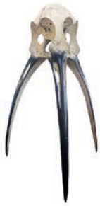
Quentin Garel Monozygote 2017, bois polychrome H 350 x 260 x 250 cm
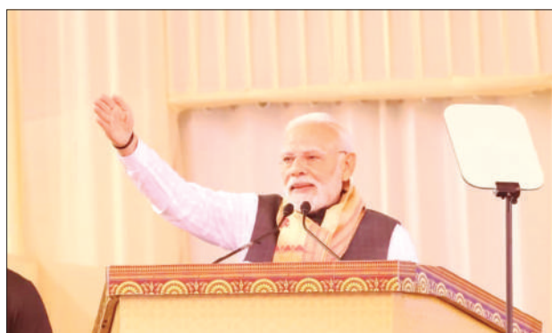
570 crore, the Guwahati Ring Road (₹ 4,530 crore) and the Kuruwa-Narengi bridge over Brahmaputra (₹ 1,200 crore), officials said.

HT Bureau GUWAHATI, Sept 14: Prime Minister Narendra Modi on Sunday launched projects worth ₹ 18,530 crore in Assam, including the world's first bio-ethanol plant using bamboo as raw material, along with major health and infrastructure projects at programmes in Darrang and Golaghat districts. In Darrang district's Mangaldoi town, the PM laid foundation stones for three major projects with an investment of ₹ 6,300 crore. These include the Darrang Medical College and Hospital, along with a GNM school and nursing college at a cost of ₹
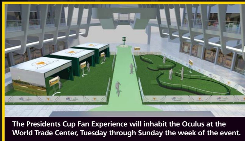
The Presidents Cup Fan Experience will inhabit the Oculus at the World Trade Center, Tuesday through Sunday the week of the event.
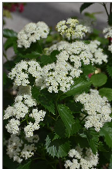
Blue Muffin Viburnum flowers
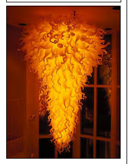
Figure 4: Dale Chihuly, Chandelier , glass
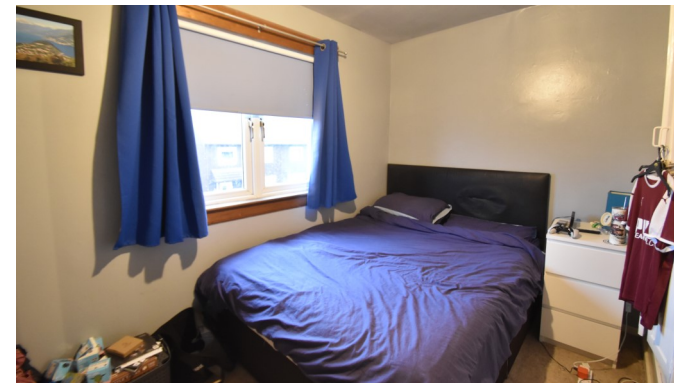
11 Birkhill Crescent
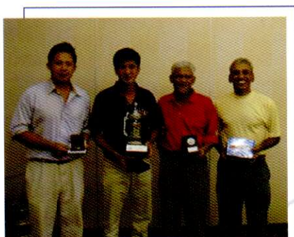
Some of the prize winners ▶
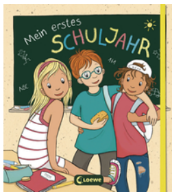
My First Year of School
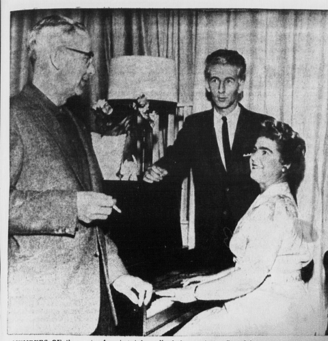
MEMBERS of the east of the St. Charles Auxiliary of the Charlottetown Hospital's annual Easter Monday play.
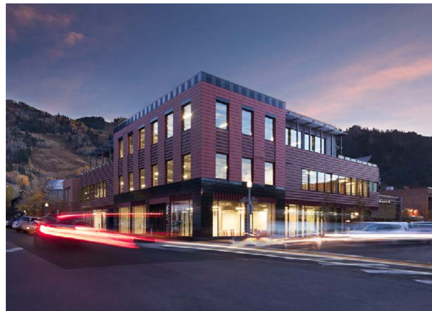
Aspen Snowmass Sotheby's International Realty | Colorado, USA | $25,000,000 USD

Last month United Kingdom Sotheby's International Realty closed on what is undoubtedly one of the most famous residential addresses in the world; Eaton Square is centrally located moments from the King's Road, Sloane Square and Knightsbridge. An impressive first and second floor duplex apartment situated on the southern terrace of a prestigious London Square, this residence was refurbished to the highest of standards complete with modern bathrooms and kitchens. The apartment maintains many of its impressive period features such as the high ceilings in the reception rooms.
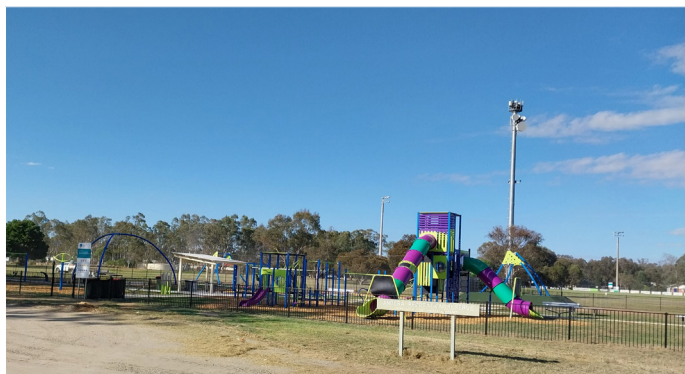
Pic New Adventure Playground at the Jindera Recreation Ground.

Greater Hume Council Engineering Department now provide a weekly works schedule on our website, go to https://www.greaterhume.nsw.gov.au/Living-in-Greater-Hume/Works-and-Projects to access.
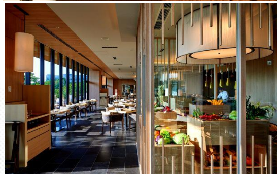
DAICHINO RESTAURANT welcoming visitors using our Spa Treatment & Lunch package
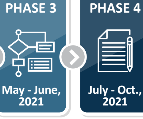
Draft Master Plan
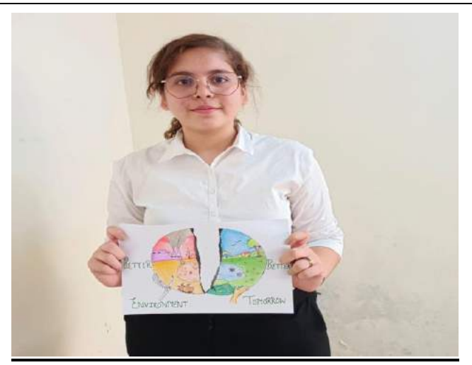
Poster by NSS Volunteer
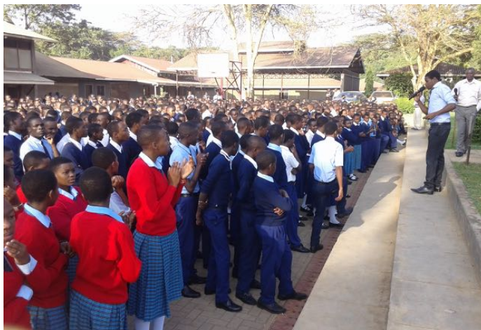
Students of ERSSS and Staff

Again, Edmund Rice Sinon Secondary School has done it! While the school is still celebrating the Form Two National Examination results which were published early this year, the Form Four results have also provided us with unbelievably good news. The coincidence is that the Form Four results were published on
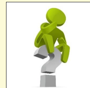
TBD Hydrologic Scientist
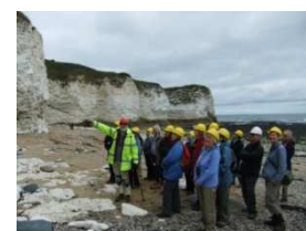
Calendar cover picture

→ **Your task**
Pictures are to be left out; the lines from the start of the records above through the line holding "570 crore, the" are to be returned exactly.

→ **Answer box**
Quentin Garel Monozygote 2017, bois polychrome H 350 x 260 x 250 cm
570 crore, the Guwahati Ring Road (₹ 4,530 crore) and the Kuruwa-Narengi bridge over Brahmaputra (₹ 1,200 crore), officials said.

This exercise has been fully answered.